Most of the components are still pretty high spec after last year’s round of upgrades (current my 4th rebuild on this motherboard). So I was thinking of concentrating on the CPUs this time around as they (and the 2133 RAM) are pretty much the oldest part of the system.
The 4TB Hybrid drives currently in JBOD will be replaced by a pair of 14TB drives in RAID1 (I already have these drives). This is scratch space used for storing easily replaced stuff like my steam game library.
I prefer to use ECC RAM as I pass a lot of data through this system before archiving it on a separate unraid box or to ultrium tape.

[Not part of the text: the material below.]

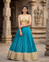 The teal blue silk lehenga features delicate gold butta motifs, finished with a rich broad zari hem that adds structure and grandeur to the silhouette. Paired with a soft gold sleeveless blouse, highlighted by intricate peacock-inspired embroidery, the look feels graceful yet contemporary. The clean lines and balanced color palette make this outfit timeless and versatile.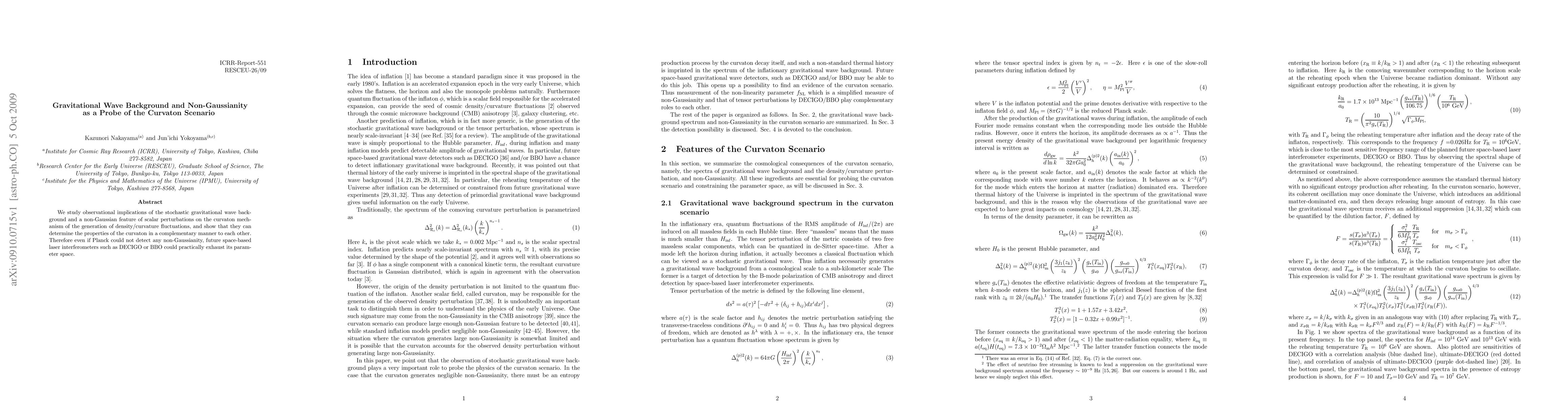 We study observational implications of the stochastic gravitational wave background and a non-Gaussian feature of scalar perturbations on the curvaton mechanism of the generation of density/curvature fluctuations, and show that they can determine the properties of the curvaton in a complementary manner to each other. Therefore even if Planck could not detect any non-Gaussianity, future space-based laser interferometers such as DECIGO or BBO could practically exhaust its parameter space.

I do a lot of things on this box. Gaming, VMs, Video encoding and about half my life in 1000 tabs in the browser.
I usually run some Arch variant… currently it’s Manjaro 18

Still undecided about a major upgrade vs getting my hands on some high clocked higher core count v4 Xeons and waiting another year for 7nm/10nm. But the max I’d be willing to spend would be ~€3000 on a major upgrade. For that I’d want to see a 40%+ uplift in synthetic benchmarks or a mix of that and lower power consumption.

Also if anyone knows of a suitable desktop 2.1 amp for a system like this with two additional SPDIF inputs (for laptop and sonos). I currently use a Teac Al-101DA which is dying…

Grateful for any opinions.

If you game TR 3xxx is the way to go from what I have seen. Idk if upgrading is worth it and dual socket = big money to ugprade as people for what ever reason pay big money for intel still.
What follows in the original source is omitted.